• [Your goal]
Write the listing below out again in full, dropping its pictures.

━━━

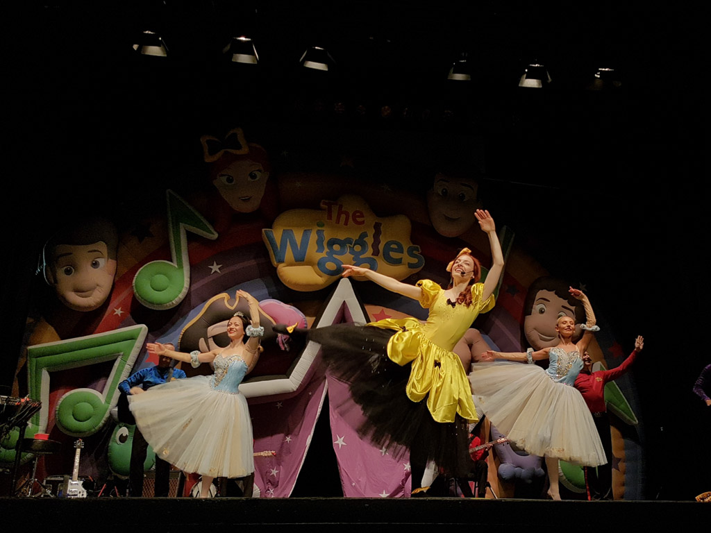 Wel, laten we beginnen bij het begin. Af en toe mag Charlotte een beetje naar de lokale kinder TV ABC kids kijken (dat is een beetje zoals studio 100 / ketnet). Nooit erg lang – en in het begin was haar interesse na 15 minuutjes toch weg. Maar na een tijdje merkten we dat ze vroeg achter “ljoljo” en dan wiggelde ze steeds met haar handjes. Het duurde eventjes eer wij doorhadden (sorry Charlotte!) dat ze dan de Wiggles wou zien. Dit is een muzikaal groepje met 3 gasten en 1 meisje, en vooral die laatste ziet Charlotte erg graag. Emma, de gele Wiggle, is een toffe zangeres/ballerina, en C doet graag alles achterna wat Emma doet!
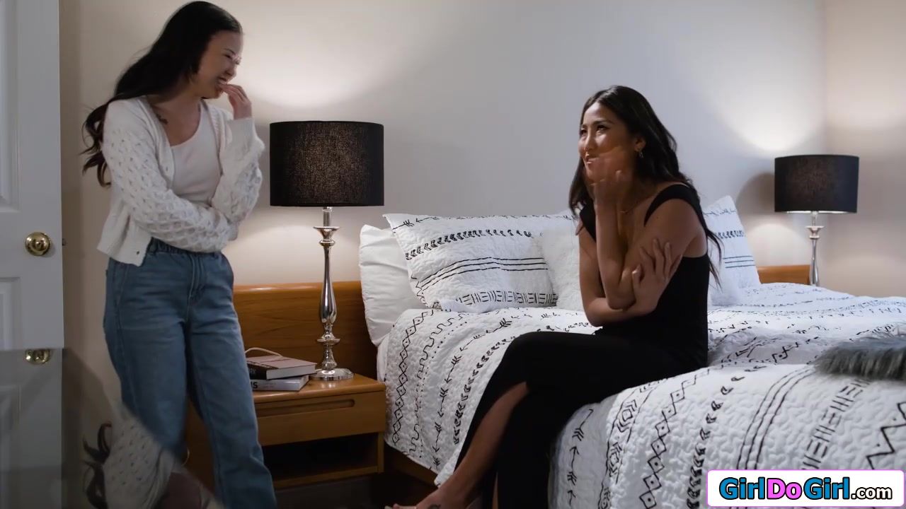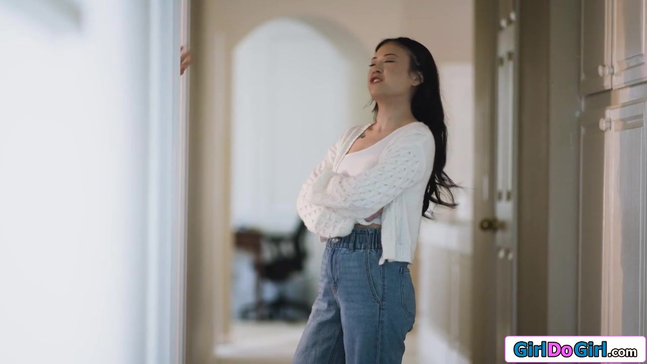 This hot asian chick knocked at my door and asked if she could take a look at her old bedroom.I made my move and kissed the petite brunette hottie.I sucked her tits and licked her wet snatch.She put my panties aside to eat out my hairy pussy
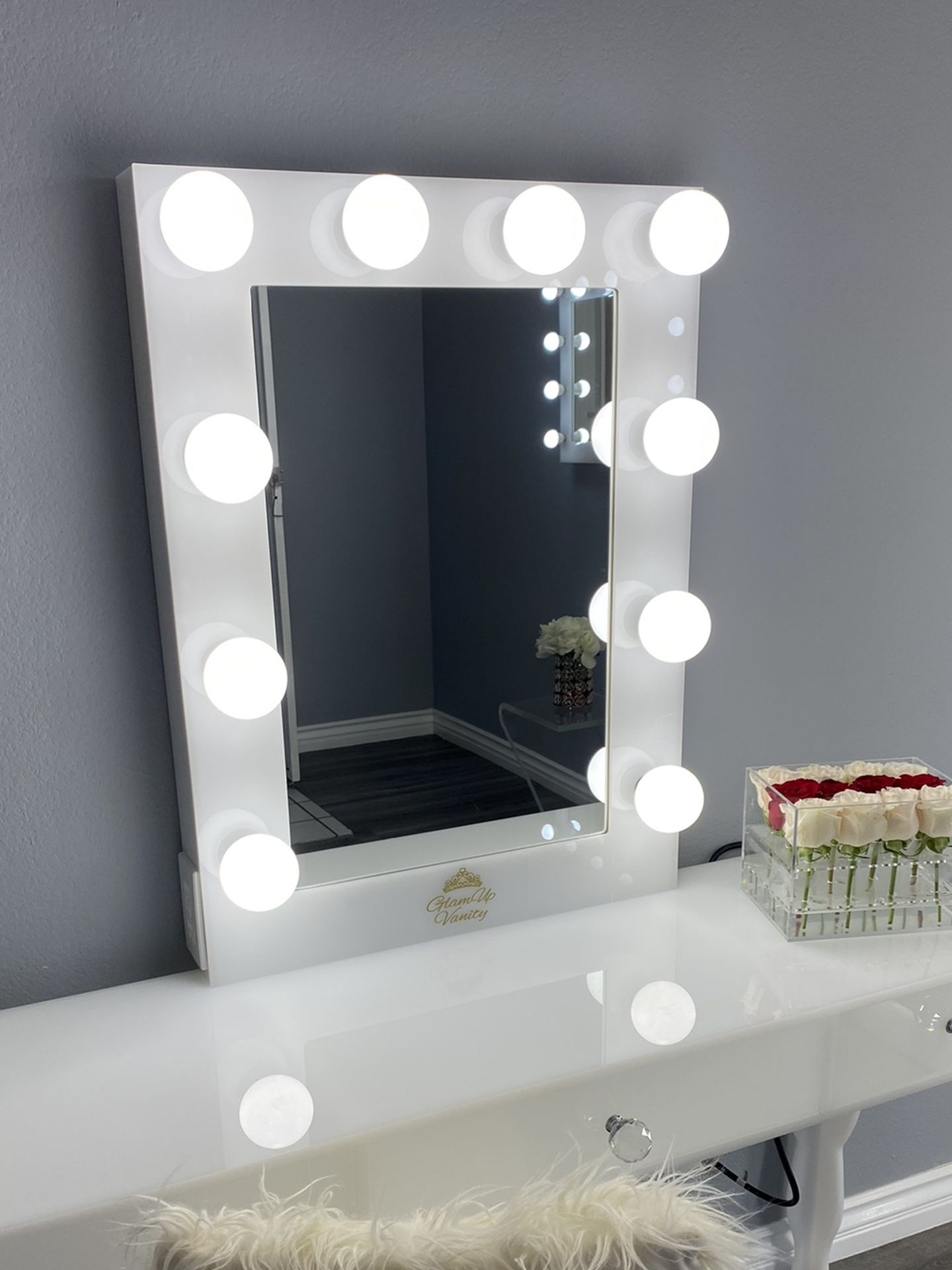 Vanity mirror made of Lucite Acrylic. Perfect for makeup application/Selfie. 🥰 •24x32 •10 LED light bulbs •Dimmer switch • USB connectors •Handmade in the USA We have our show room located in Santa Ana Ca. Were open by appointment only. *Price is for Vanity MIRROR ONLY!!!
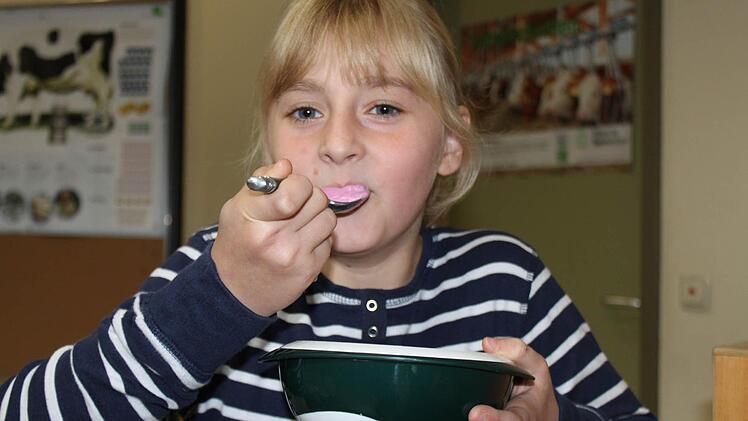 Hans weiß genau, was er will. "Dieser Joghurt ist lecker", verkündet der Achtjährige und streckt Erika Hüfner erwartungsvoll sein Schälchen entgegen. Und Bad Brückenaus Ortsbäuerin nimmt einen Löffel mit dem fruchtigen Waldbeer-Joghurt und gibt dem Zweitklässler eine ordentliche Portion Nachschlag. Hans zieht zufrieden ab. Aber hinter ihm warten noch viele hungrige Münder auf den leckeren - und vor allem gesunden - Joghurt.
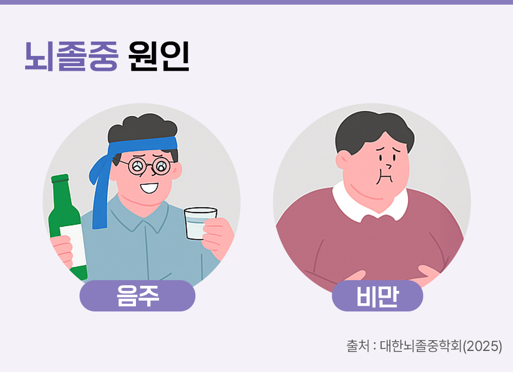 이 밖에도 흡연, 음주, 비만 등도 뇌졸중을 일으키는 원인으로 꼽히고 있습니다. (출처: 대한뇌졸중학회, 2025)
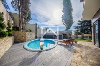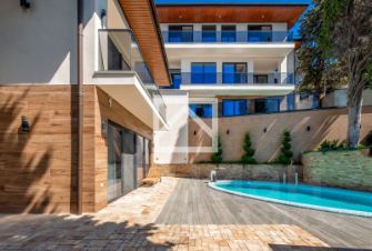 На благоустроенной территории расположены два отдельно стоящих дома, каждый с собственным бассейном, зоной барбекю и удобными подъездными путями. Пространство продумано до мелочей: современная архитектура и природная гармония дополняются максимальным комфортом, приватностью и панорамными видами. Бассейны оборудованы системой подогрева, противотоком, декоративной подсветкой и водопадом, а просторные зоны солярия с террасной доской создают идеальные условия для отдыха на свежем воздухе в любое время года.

━━━

• [Answer box]
 Wel, laten we beginnen bij het begin. Af en toe mag Charlotte een beetje naar de lokale kinder TV ABC kids kijken (dat is een beetje zoals studio 100 / ketnet). Nooit erg lang – en in het begin was haar interesse na 15 minuutjes toch weg. Maar na een tijdje merkten we dat ze vroeg achter “ljoljo” en dan wiggelde ze steeds met haar handjes. Het duurde eventjes eer wij doorhadden (sorry Charlotte!) dat ze dan de Wiggles wou zien. Dit is een muzikaal groepje met 3 gasten en 1 meisje, en vooral die laatste ziet Charlotte erg graag. Emma, de gele Wiggle, is een toffe zangeres/ballerina, en C doet graag alles achterna wat Emma doet!
 This hot asian chick knocked at my door and asked if she could take a look at her old bedroom.I made my move and kissed the petite brunette hottie.I sucked her tits and licked her wet snatch.She put my panties aside to eat out my hairy pussy
 Vanity mirror made of Lucite Acrylic. Perfect for makeup application/Selfie. 🥰 •24x32 •10 LED light bulbs •Dimmer switch • USB connectors •Handmade in the USA We have our show room located in Santa Ana Ca. Were open by appointment only. *Price is for Vanity MIRROR ONLY!!!
 Hans weiß genau, was er will. "Dieser Joghurt ist lecker", verkündet der Achtjährige und streckt Erika Hüfner erwartungsvoll sein Schälchen entgegen. Und Bad Brückenaus Ortsbäuerin nimmt einen Löffel mit dem fruchtigen Waldbeer-Joghurt und gibt dem Zweitklässler eine ordentliche Portion Nachschlag. Hans zieht zufrieden ab. Aber hinter ihm warten noch viele hungrige Münder auf den leckeren - und vor allem gesunden - Joghurt.
 이 밖에도 흡연, 음주, 비만 등도 뇌졸중을 일으키는 원인으로 꼽히고 있습니다. (출처: 대한뇌졸중학회, 2025)
 На благоустроенной территории расположены два отдельно стоящих дома, каждый с собственным бассейном, зоной барбекю и удобными подъездными путями. Пространство продумано до мелочей: современная архитектура и природная гармония дополняются максимальным комфортом, приватностью и панорамными видами. Бассейны оборудованы системой подогрева, противотоком, декоративной подсветкой и водопадом, а просторные зоны солярия с террасной доской создают идеальные условия для отдыха на свежем воздухе в любое время года.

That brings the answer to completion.